__Required work__. Exact copy, no pictures: return only the lines below from the line with "芝生も取り入れ、あえて角を丸" up to and including the line with "A grey AC/DC".

[[ Provided data, beginning ]]

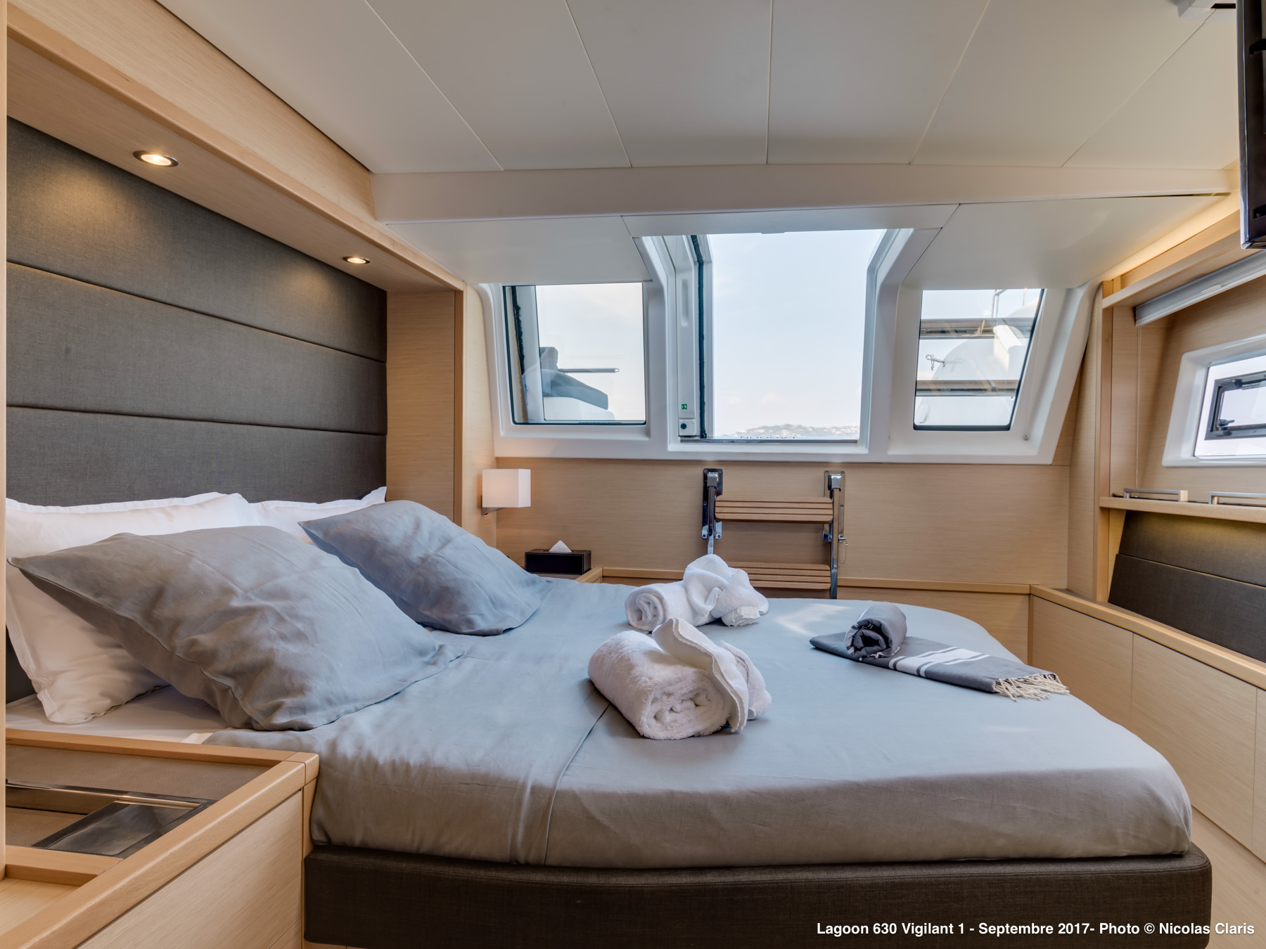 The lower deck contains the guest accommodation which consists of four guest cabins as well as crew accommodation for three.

[[ Provided data, end ]]
[[ Provided data, beginning ]]

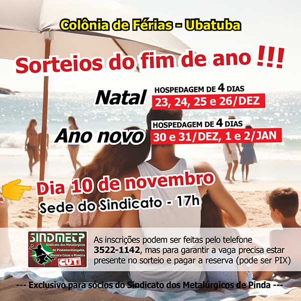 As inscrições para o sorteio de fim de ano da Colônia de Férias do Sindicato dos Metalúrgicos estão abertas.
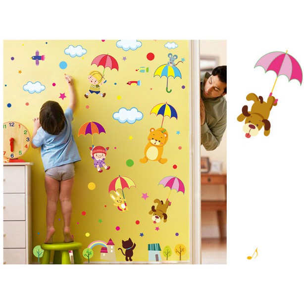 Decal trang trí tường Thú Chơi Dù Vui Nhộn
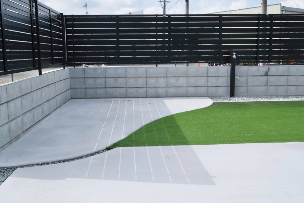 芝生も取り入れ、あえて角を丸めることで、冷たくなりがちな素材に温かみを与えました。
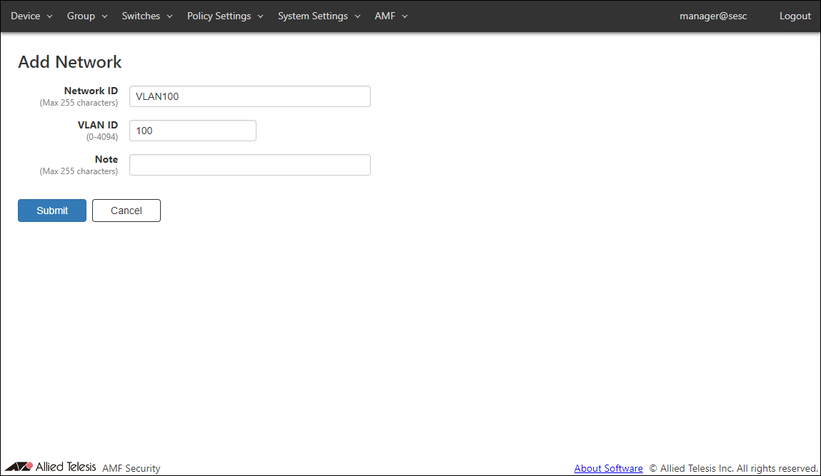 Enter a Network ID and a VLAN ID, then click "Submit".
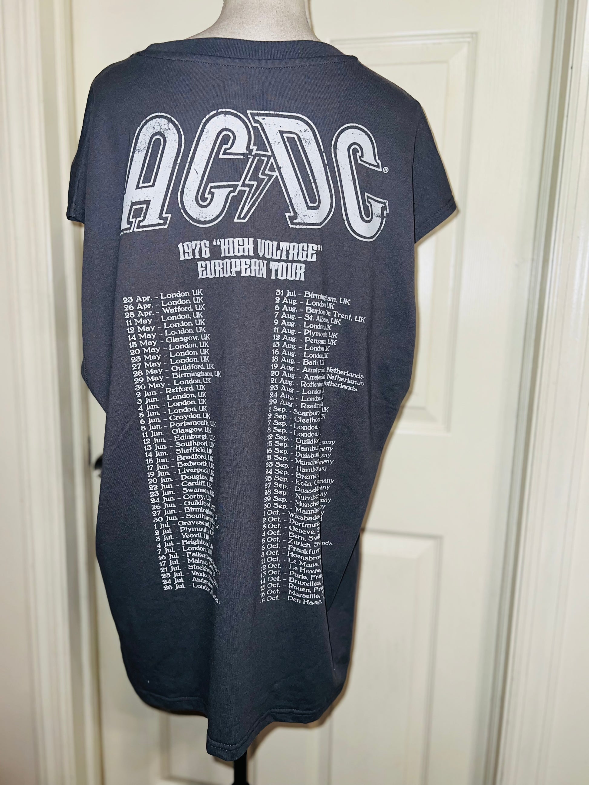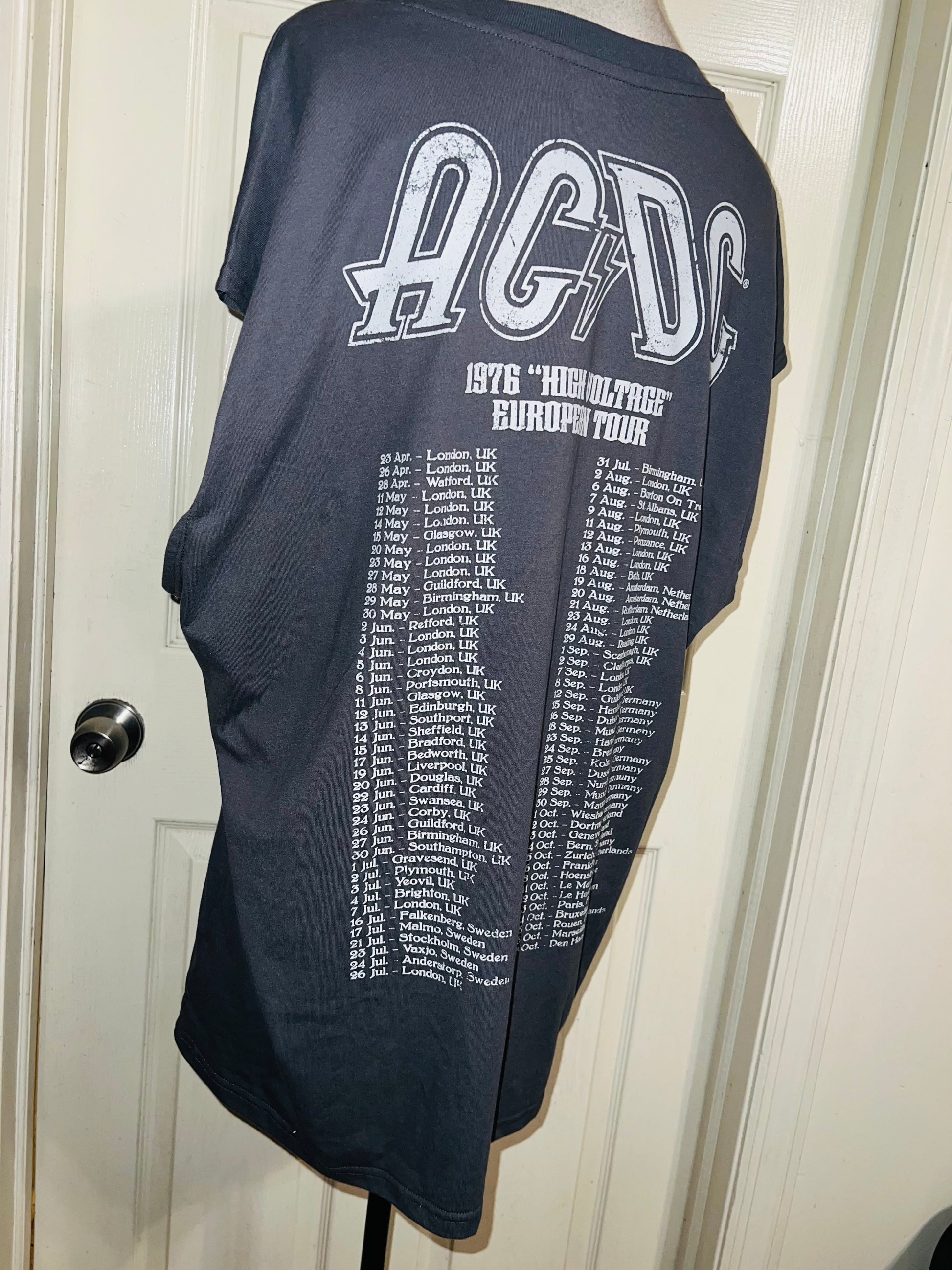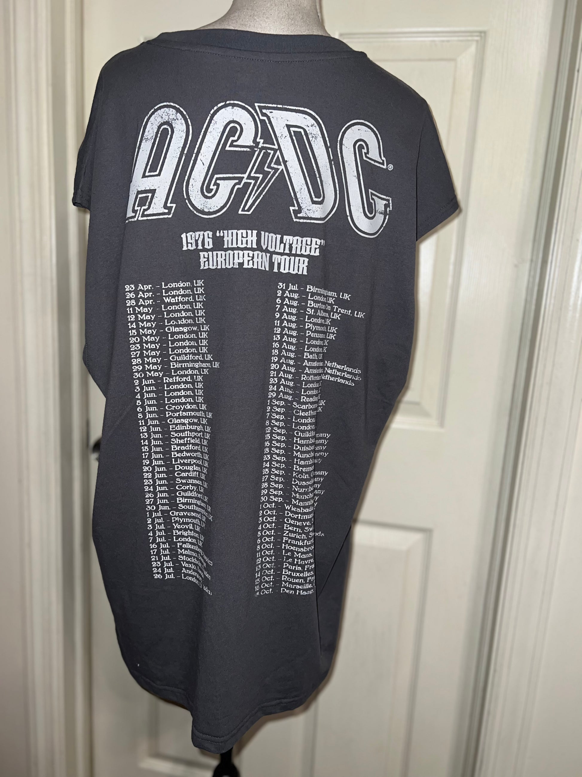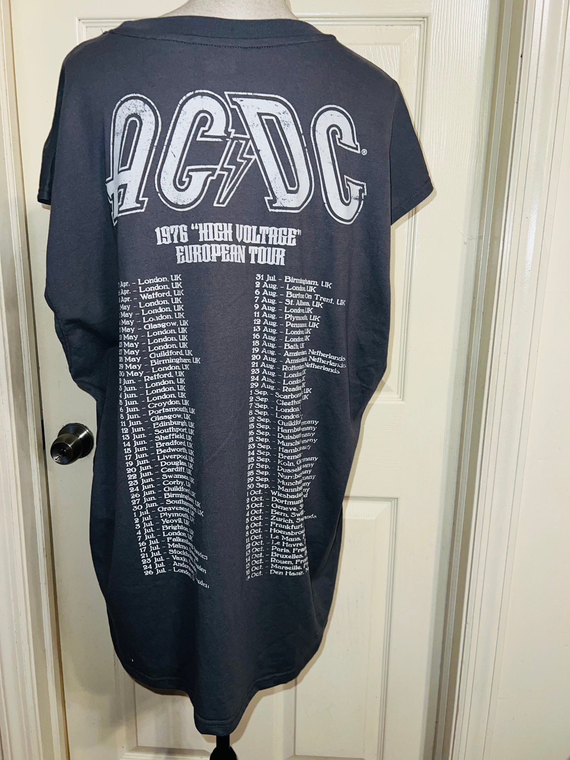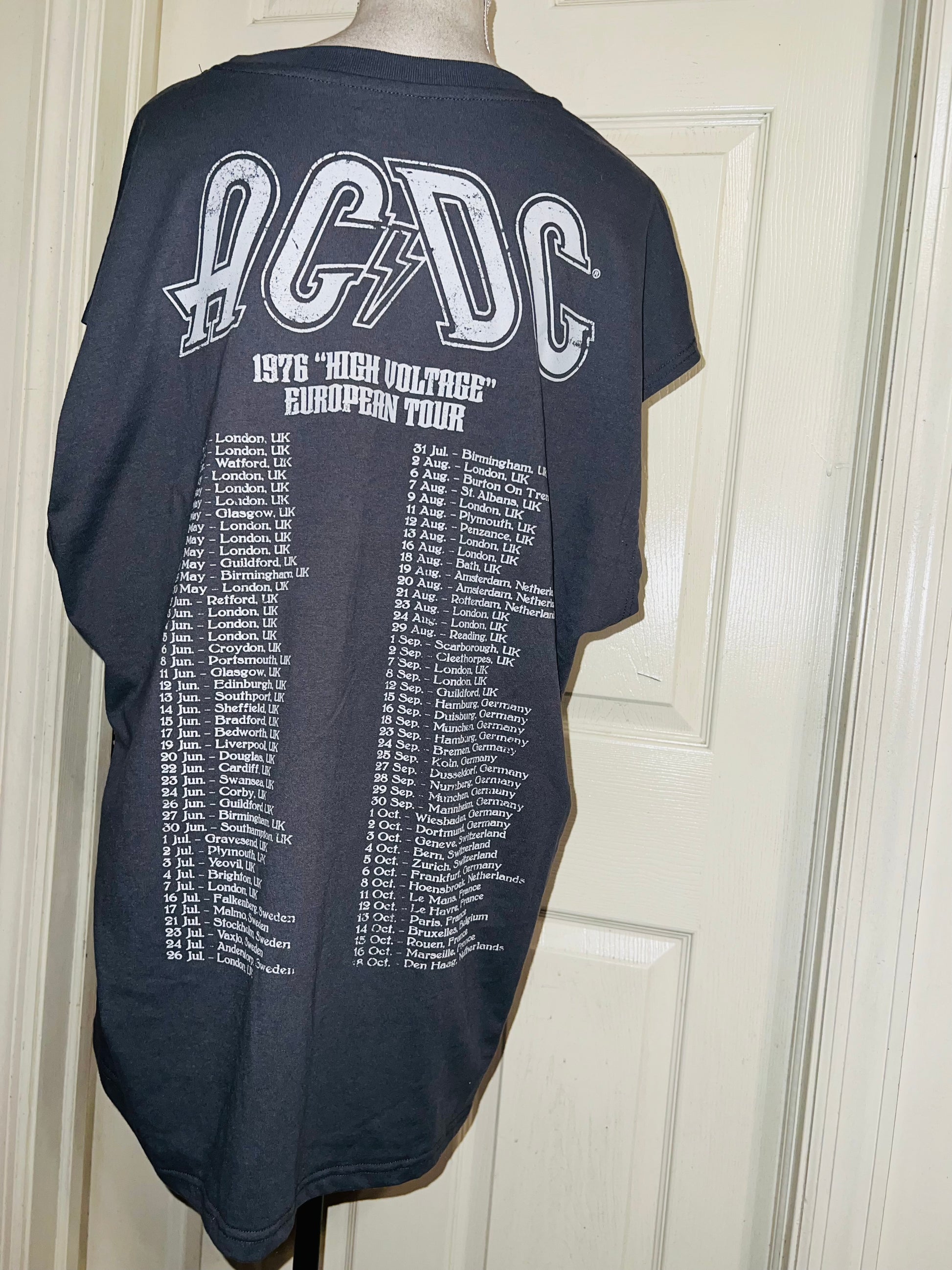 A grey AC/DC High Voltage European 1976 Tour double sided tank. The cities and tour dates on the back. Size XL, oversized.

[[ Provided data, end ]]

__Result of this exercise__.
 芝生も取り入れ、あえて角を丸めることで、冷たくなりがちな素材に温かみを与えました。
 Enter a Network ID and a VLAN ID, then click "Submit".
 A grey AC/DC High Voltage European 1976 Tour double sided tank. The cities and tour dates on the back. Size XL, oversized.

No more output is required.